Exercise 4: Creating a job to run a transformation¶
While a Pentaho transformation decides how data should be extracted, transformed and loaded, the timing and preconditions of these operations (e.g. when it should run) can be defined in a Pentaho job. This job we create, will be watching the folder C:\Pentaho\data\ZV\new for new incoming csv files (containing final exam data). If such a file is received, it will move the file to the others and run the transformation we defined in the previous task.
-
Create a new job in the Data Integration tool. Click on the File -> New -> Job menu. Save it named
ex4-job1.kjb
. -
Place a Start node, this will be the entry point of our Job.
-
Place a Check if a folder is empty node and connect the start node to it.

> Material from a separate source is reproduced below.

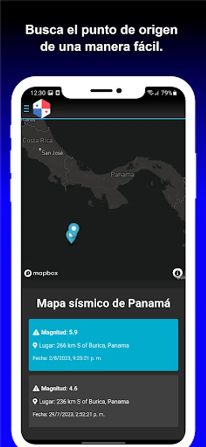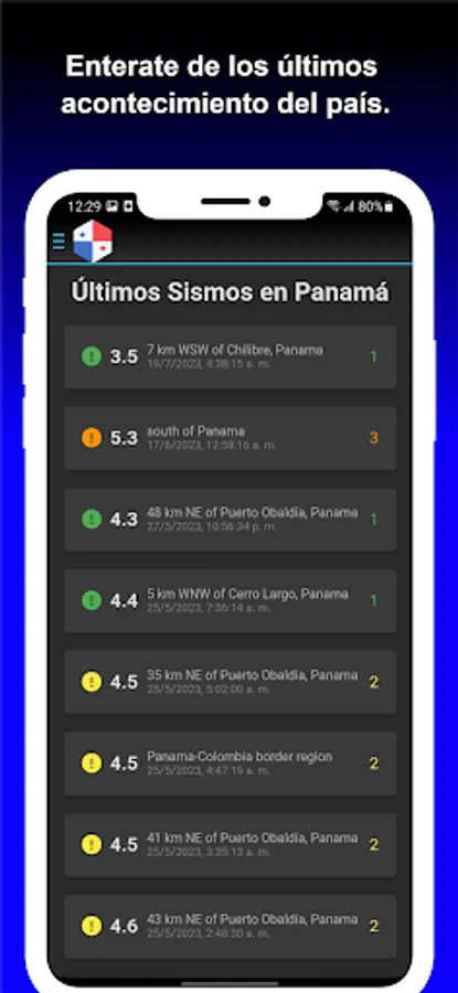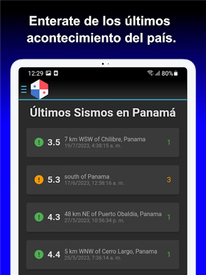 The app shows the latest earthquakes in the country in a list and on the iterative map.

Notice, that the arrow indicating the connection has a padlock on it. This means that it is an unconditional hop, meaning that this state transition will fire regardless of the outcome of the initiating step. There are two other types of connection in case of a job: positive (true) and negative (false), each triggering on the corresponding outcome. You can switch the connection types by clicking on the arrow. The Check if a folder is empty node should check for .csv files in the target directory (C:\Pentaho\data\ZV\new). To do this, set it up as the following:
-
We must handle both possible outcomes of the Check if a folder is empty node. In case it is empty, we do not have to do any transformation, we simply log the outcome. To do this, place a Write to log node and set it up as the following:
- Set the log level to Basic Logging
- Set the log subject to FileWathcer
- Set the message to “No new file found!”
Write your NEPTUN code after the Job entry name!
-
To handle the case when there is a file to move (Check if a folder is empty returns false) we place a Move files node.

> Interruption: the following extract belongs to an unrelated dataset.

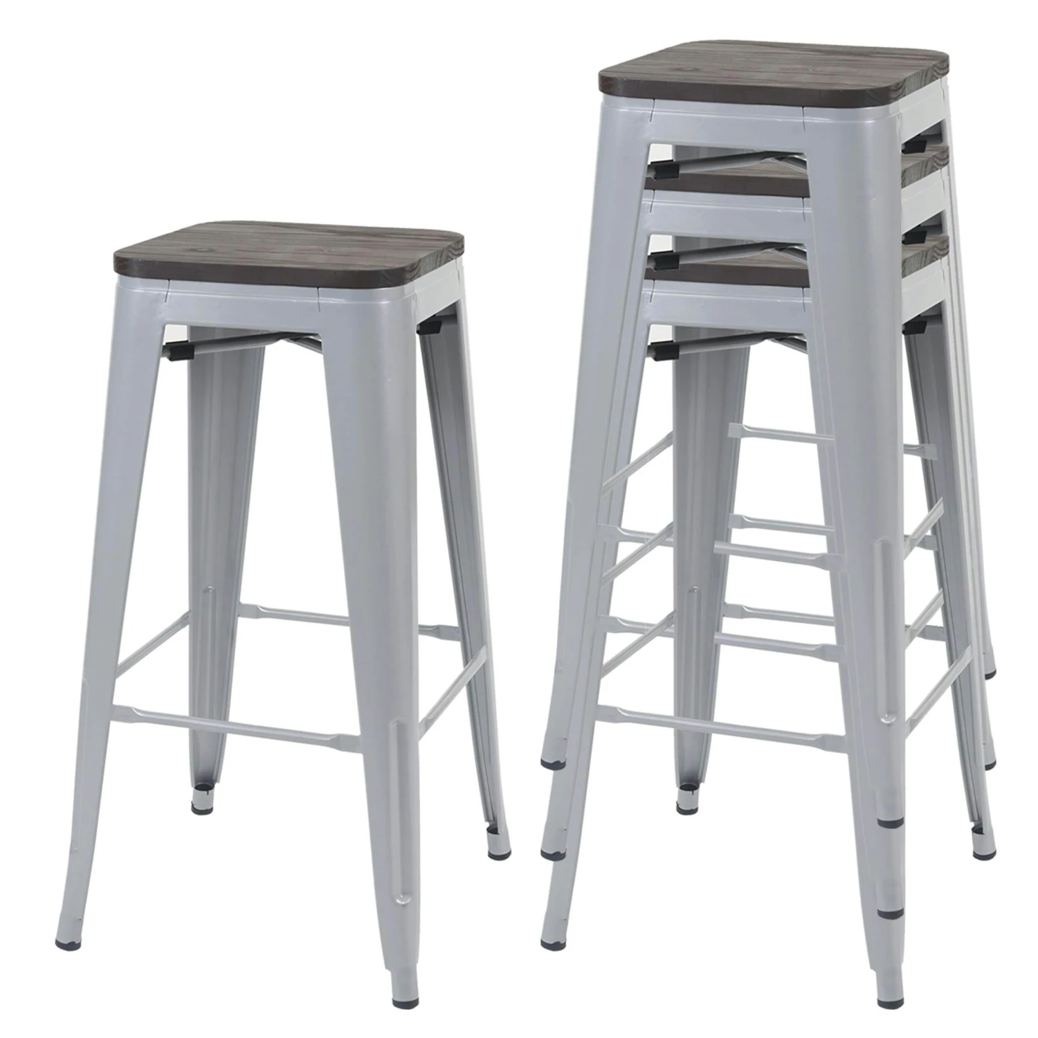 4er-Set Barhocker HWC-A73 Inkl. Holz-Sitzfläche, Barstuhl Tresenhocker, Metall Industriedesign Stapelbar ~ Grau

- Set the folder source to C:\Pentaho\data\ZV\new
- Set the folder destination to C:\Pentaho\data\ZV
- Set the wildcard to .*csv
-
Place a Transformation block, which we will use to call our previously created transformation. Browse and select the transformation file (
ex3-transformation1.ktr
). -
Place a Success block and connect both the log writing step and the Transformation step to it. Your job should look like this:
Move one of the .csv files to the new folder and run the job! You should see it moved to the others and the output files of the transformation created.
SUBMISSION
Save the final job as ex4-job1.ktr
Create a screenshot of the executed job flow and save it as ex4-job1-flow.png
. Make sure that all the nodes including your Neptun code are visible on this screenshot.